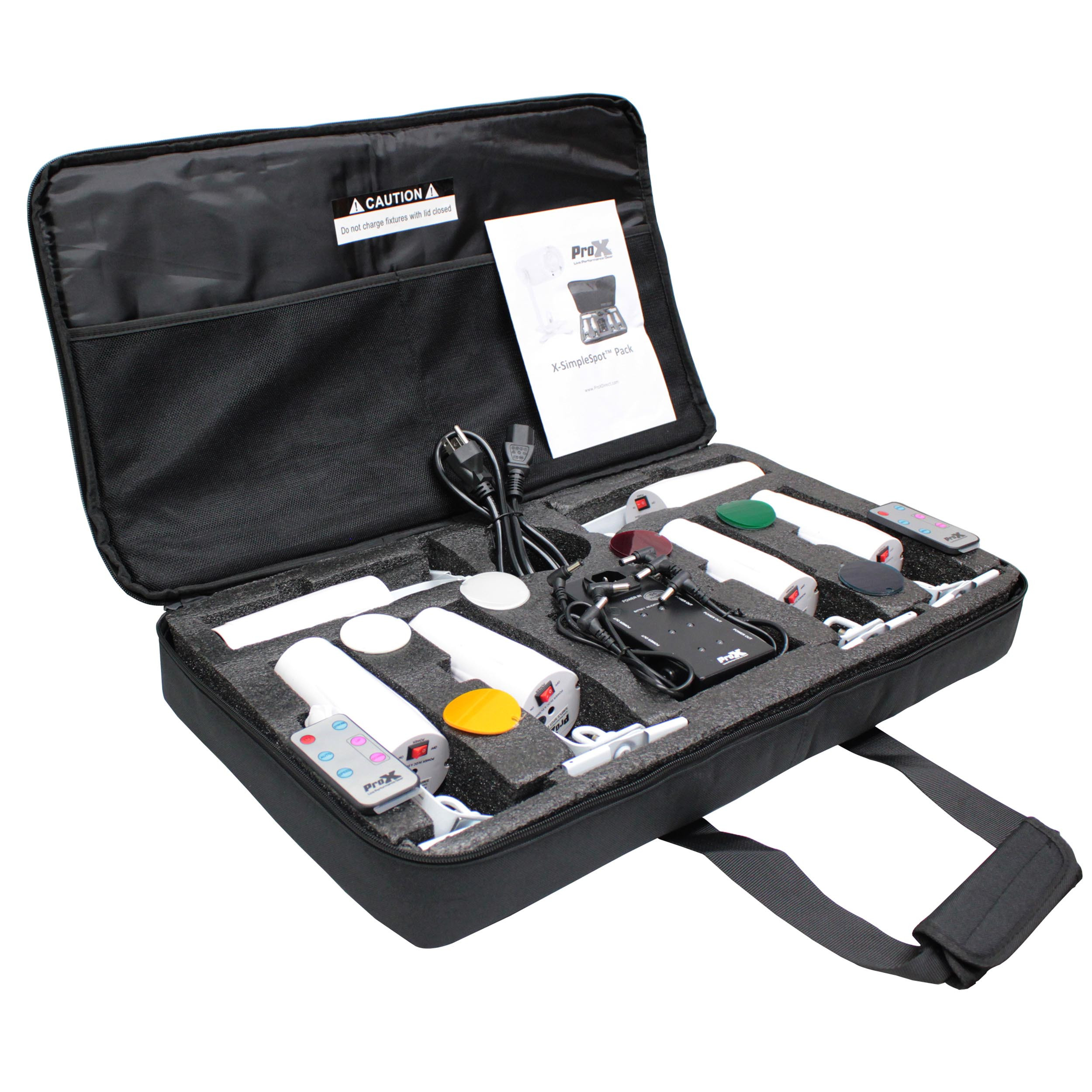 The ProX X-SimpleSpotPack is part of our high quality intelligent lighting products. The X-SimpleSpot is a bright (3 Watt), battery powered, LED pin spot. Each X-SimpleSpotPack contains 6 SimpleSpot 6000k Cool White SimpleSpot. Each unit will operate for up to 6 hours on a full charge. The 2 included IRC Remote Controls will enable On/Off, Strobe, Speed, Auto and Up/Down Dimmer. Each unit projects a cool white beam and gel filters are included for each light consisting of Red, Green, Blue, Warm White, Amber and White Frost.
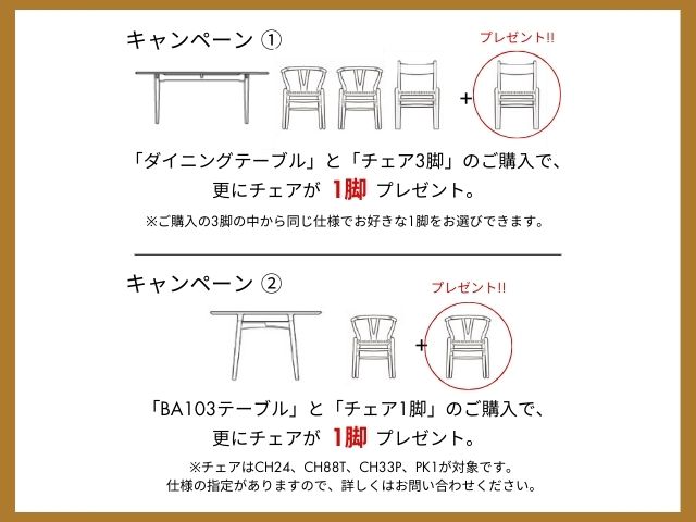 ダイニングテーブル「BA103」と、対象のチェアを一脚ご購入で、購入分と同じ仕様を1脚プレゼント!!
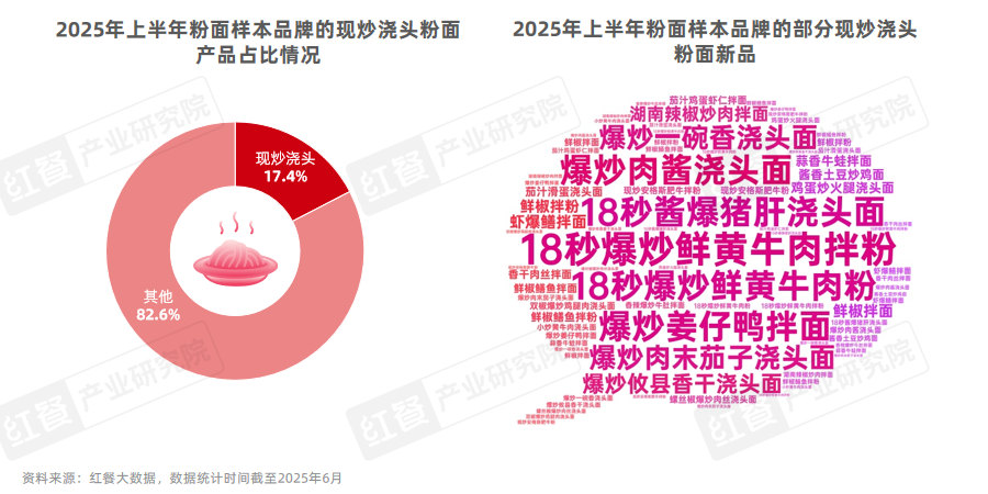 紅餐產(chǎn)業(yè)研究院統(tǒng)計,2025年1月至6月,樣本品牌共推出了29款現(xiàn)炒澆頭粉面產(chǎn)品,例如18秒爆炒鮮黃牛肉拌粉、爆炒姜仔鴨拌面、爆炒一碗香澆頭面等,占粉面新品總數(shù)的17.4%。
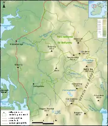 Le parc national est dominé par le massif du Nephin Beg[1]. Les deux plus grands sommets sont Slieve Carr (721 m[3]) et le Nephin Beg (627 m[3]).
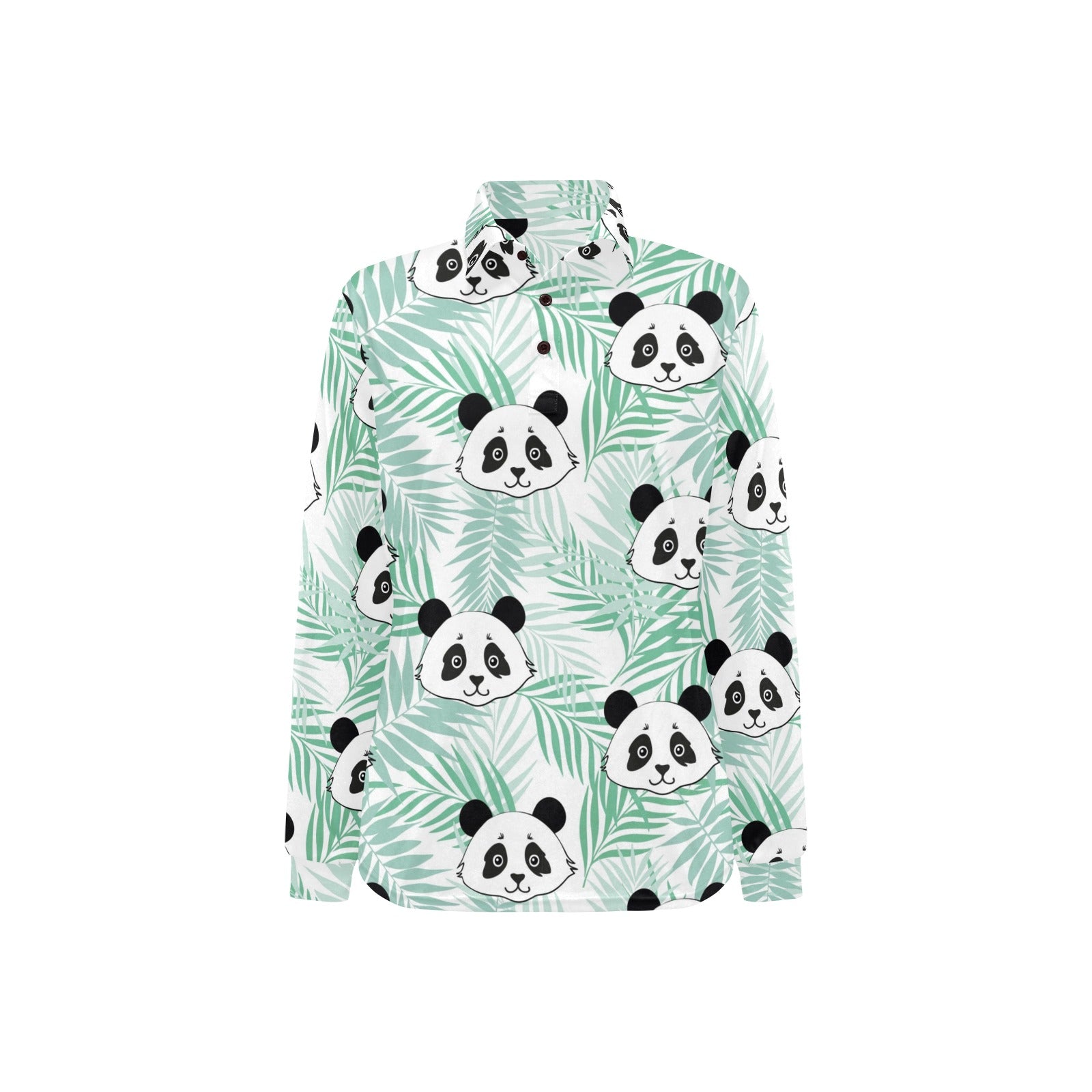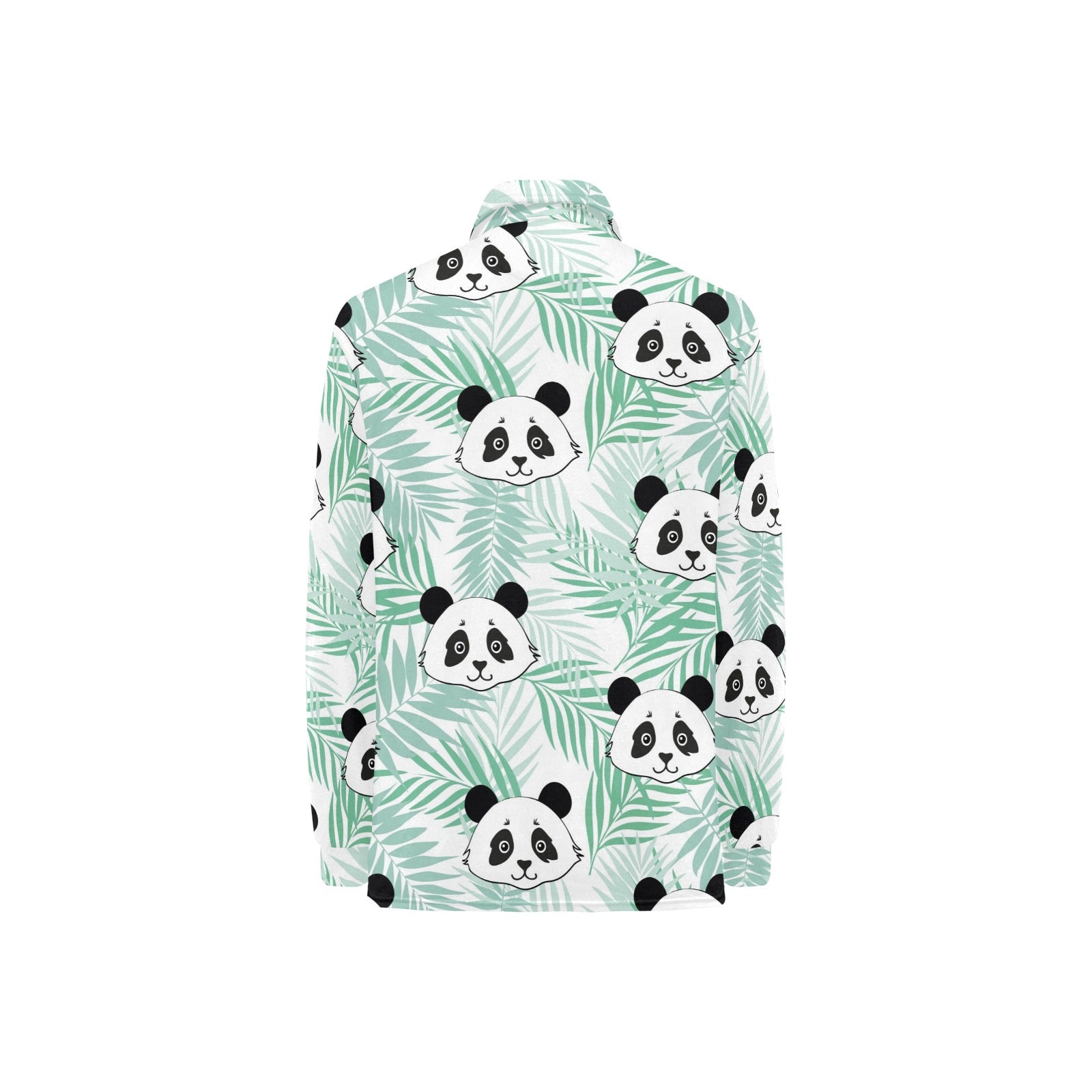 Panda pattern tropical leaves background Women's Long Sleeve Polo Shirt
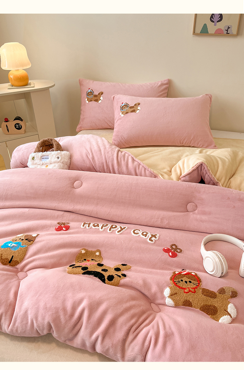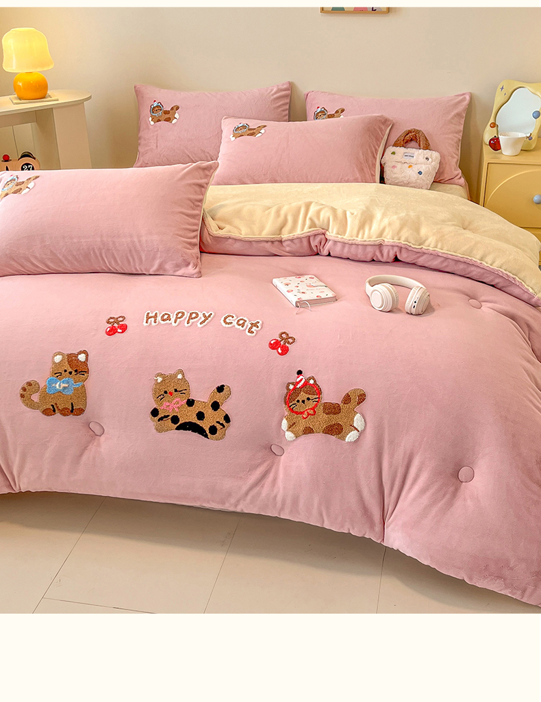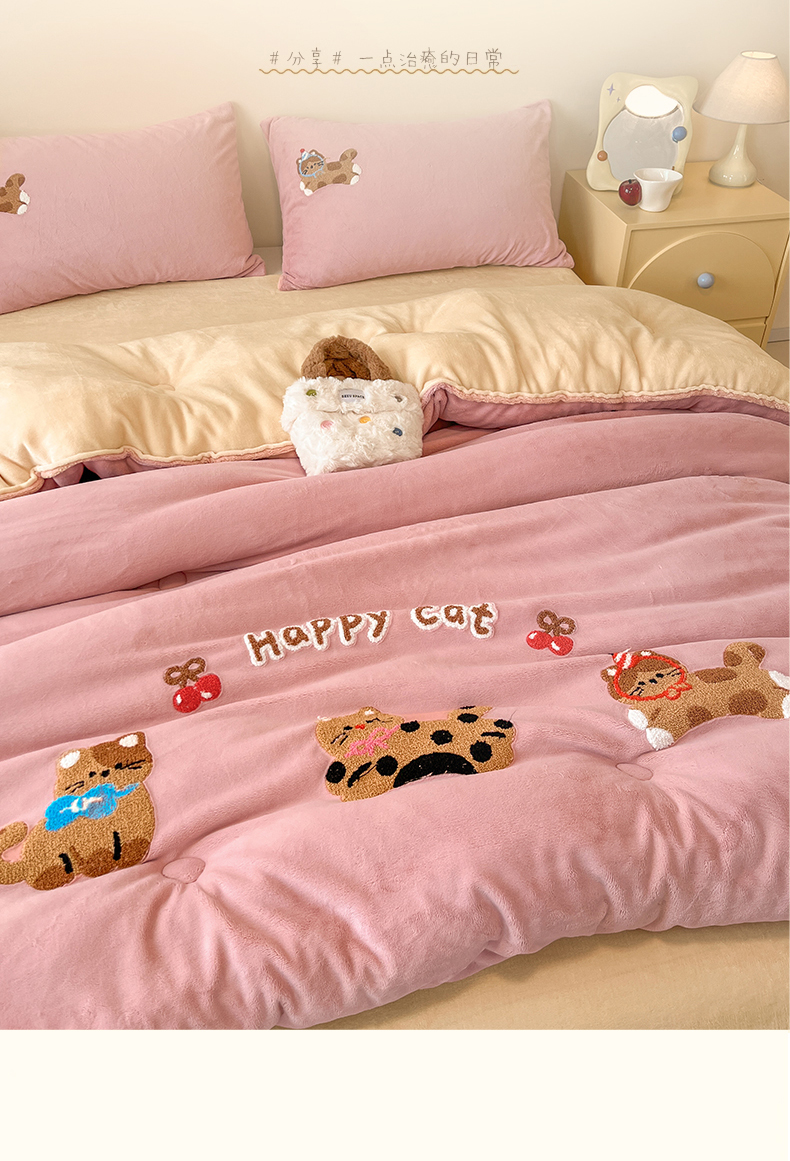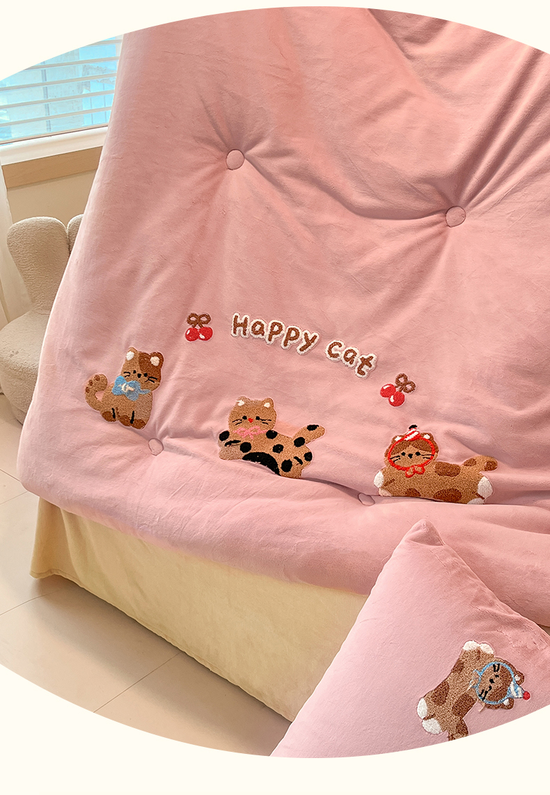 商品名称:换种生活 2025新款A类牛奶绒毛巾绣冬被被子被芯 萌趣猫
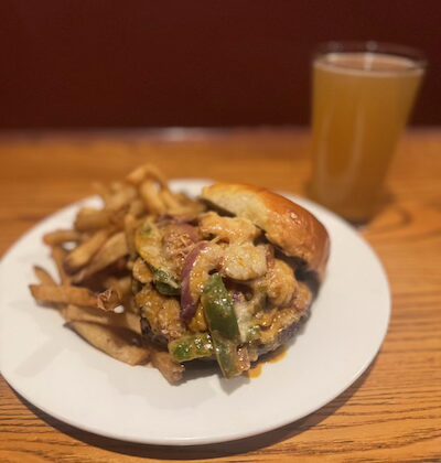 4 oz burger patty, chopped shrimp, andouille, peppers, onions, tomatoes with a creole sauce and parmesan cheese. Served with beach fries. $18
┄┄┄┄┄┄
- _Work instruction_: The answer must be the full listing, restated word for word, with no pictures in it.

- _Answer_:
 The ProX X-SimpleSpotPack is part of our high quality intelligent lighting products. The X-SimpleSpot is a bright (3 Watt), battery powered, LED pin spot. Each X-SimpleSpotPack contains 6 SimpleSpot 6000k Cool White SimpleSpot. Each unit will operate for up to 6 hours on a full charge. The 2 included IRC Remote Controls will enable On/Off, Strobe, Speed, Auto and Up/Down Dimmer. Each unit projects a cool white beam and gel filters are included for each light consisting of Red, Green, Blue, Warm White, Amber and White Frost.
 ダイニングテーブル「BA103」と、対象のチェアを一脚ご購入で、購入分と同じ仕様を1脚プレゼント!!
 紅餐產(chǎn)業(yè)研究院統(tǒng)計,2025年1月至6月,樣本品牌共推出了29款現(xiàn)炒澆頭粉面產(chǎn)品,例如18秒爆炒鮮黃牛肉拌粉、爆炒姜仔鴨拌面、爆炒一碗香澆頭面等,占粉面新品總數(shù)的17.4%。
 Le parc national est dominé par le massif du Nephin Beg[1]. Les deux plus grands sommets sont Slieve Carr (721 m[3]) et le Nephin Beg (627 m[3]).
 Panda pattern tropical leaves background Women's Long Sleeve Polo Shirt
 商品名称:换种生活 2025新款A类牛奶绒毛巾绣冬被被子被芯 萌趣猫
 4 oz burger patty, chopped shrimp, andouille, peppers, onions, tomatoes with a creole sauce and parmesan cheese. Served with beach fries. $18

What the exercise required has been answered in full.